Orientation
What You'll Master Here
Data Vault 2.0 is the modeling pattern built for warehouses that must absorb many changing sources while staying fully auditable. Chapter 12 introduced it as one of three architectures; this chapter goes deep on how it actually works, because its mechanics are precise and frequently misunderstood.
You will learn its three building blocks, hubs (business keys), links (relationships), and satellites (descriptive history), and the loading rules that give it superpowers: hash keys, insert-only loads, hash diffs, and full source stamping. Then how the raw vault and business vault feed the dimensional marts users actually query.
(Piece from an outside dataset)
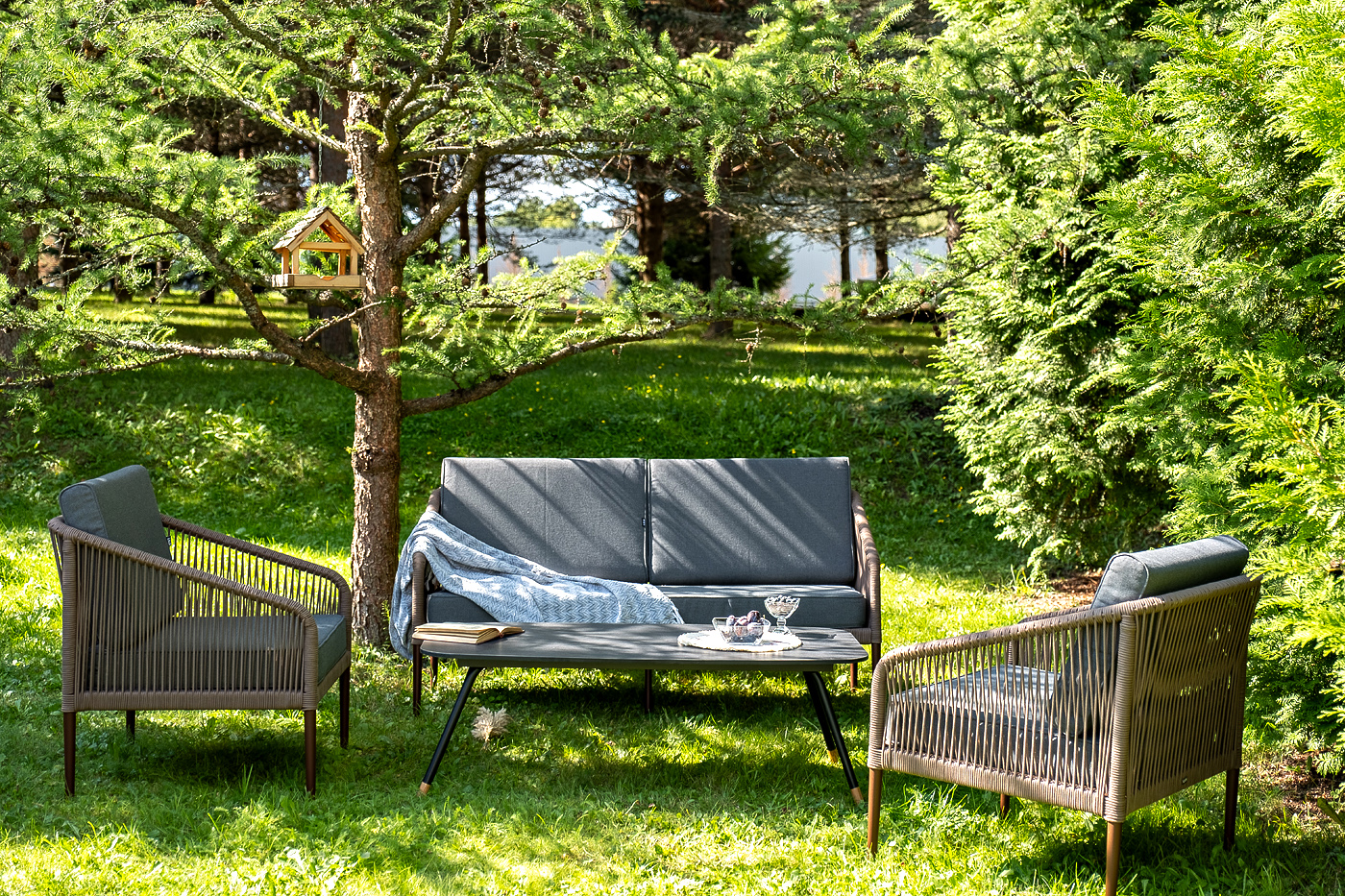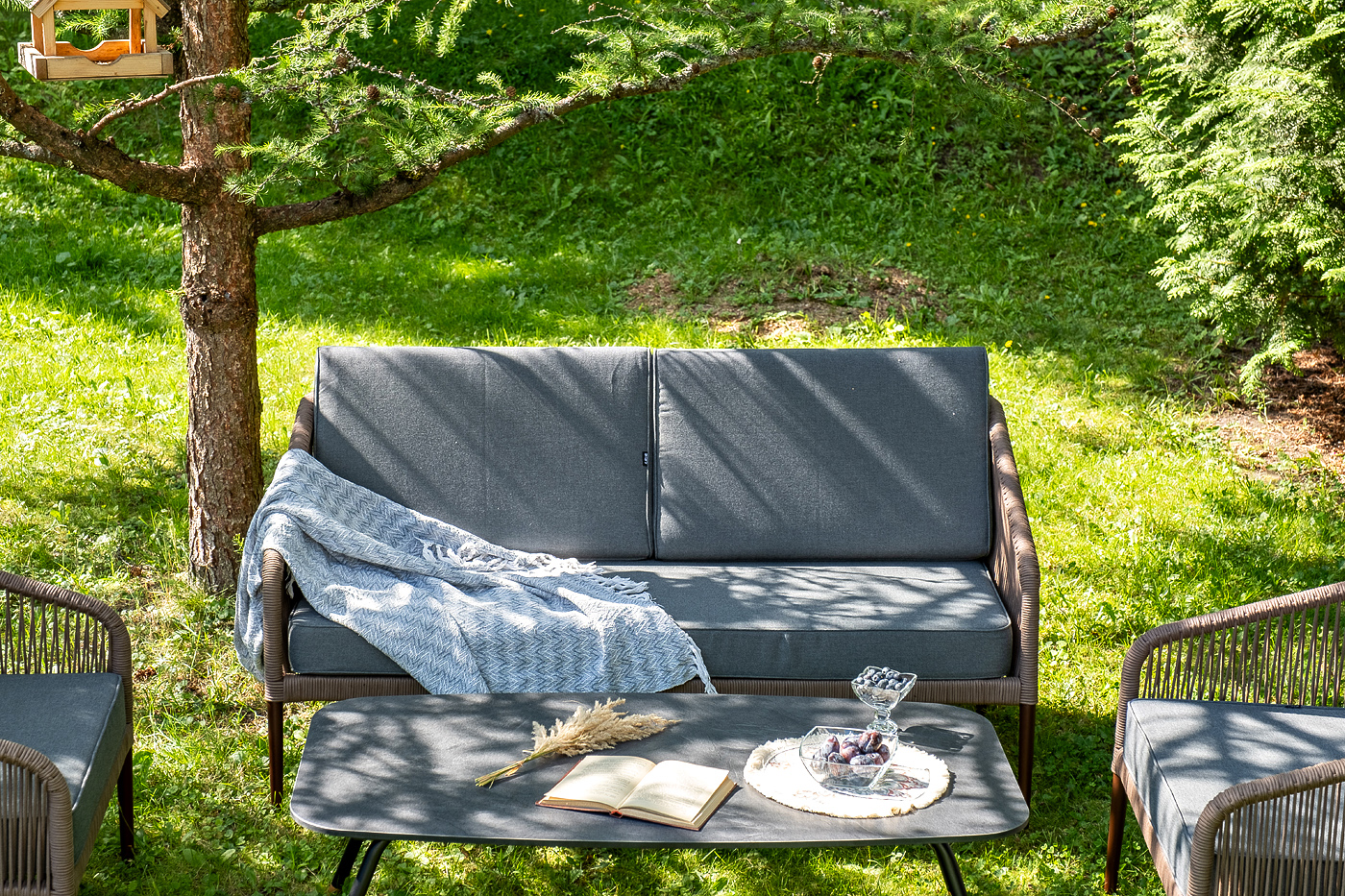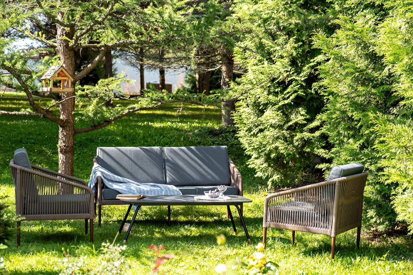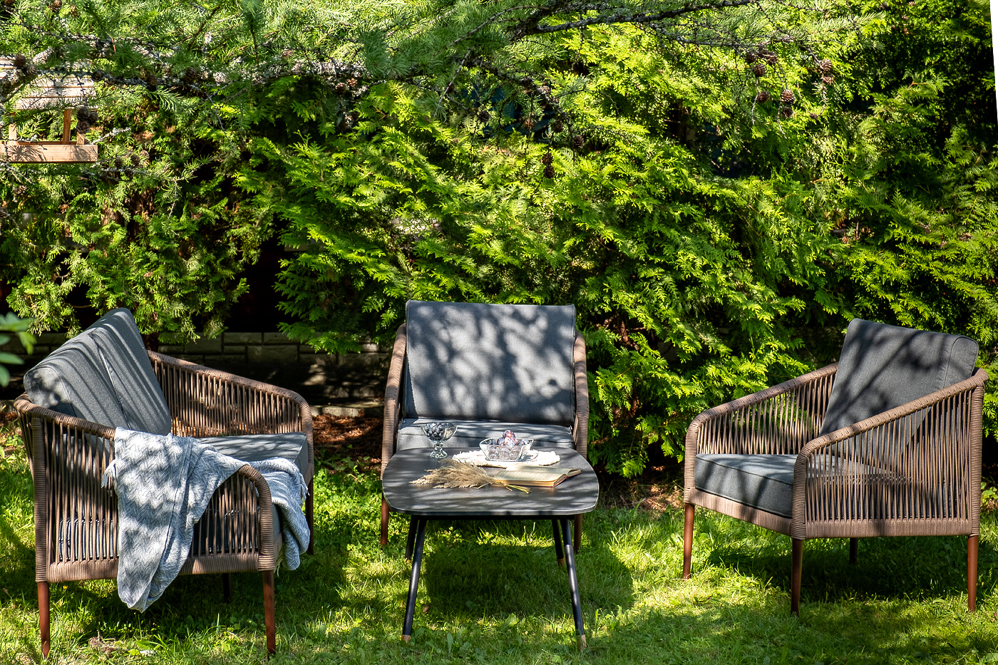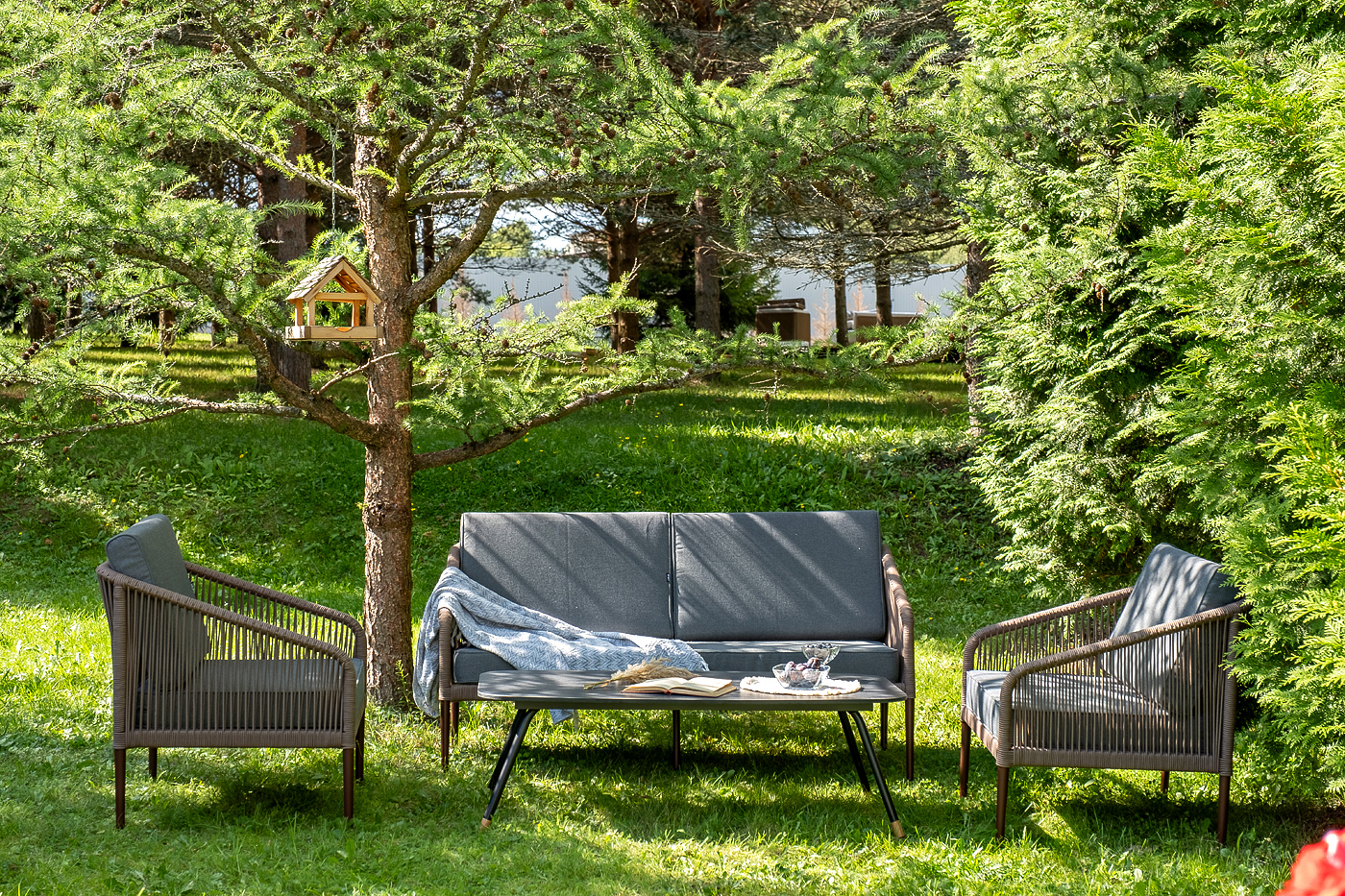 Каркас уличной мебели выполнен из прочного алюминия. Его дополняет коричневая оплетка, изготовленная на основе эластичных синтетических лент из полиэфирных волокон высокой прочности.

Everything is shown with real DDL and sample rows, because the value of Data Vault, auditability and resilience to change, only makes sense once you see how a hub, link, and satellite are physically shaped and loaded.
Why it matters
Data Vault is increasingly common in regulated, multi-source enterprises and in modern ELT stacks. Knowing its mechanics lets you build, query, or evaluate one instead of treating it as a black box.
Core mental model
Separate keys (hubs), relationships (links), and context (satellites) so each loads independently, insert-only, fully audited, and never needs rewriting when a source changes.
- hub
- A table of unique business keys plus a hash key, load date, and source.
- link
- A table recording a relationship/association between hubs.
- satellite
- A table of descriptive attributes and their history, attached to a hub or link.
- hash key
- A hash of the business key used as the surrogate, enabling parallel, lookup-free loads.
Common mistake
Using Data Vault as the layer business users query directly.
It has many tables and joins; it is an integration core, not a consumption model, serve marts on top.
Better habit
- Separate keys, relationships, and context into hubs/links/satellites.
- Keep every table insert-only and source-stamped.
- Build dimensional marts on top for consumption.
Data Vault decomposes the model so the parts that change at different rates (keys vs relationships vs attributes) are stored separately. That separation is the source of its agility and auditability.
Track one entity, customer, through hub, satellite, and link. Seeing the same business key flow through all three makes the pattern click.
Practice prompts
- Name what a hub, link, and satellite each store.
- Explain why Data Vault is not the layer users query directly.
Remember this
Data Vault splits a model into hubs (keys), links (relationships), and satellites (history), loaded insert-only and source-stamped, for auditability and resilience to source change.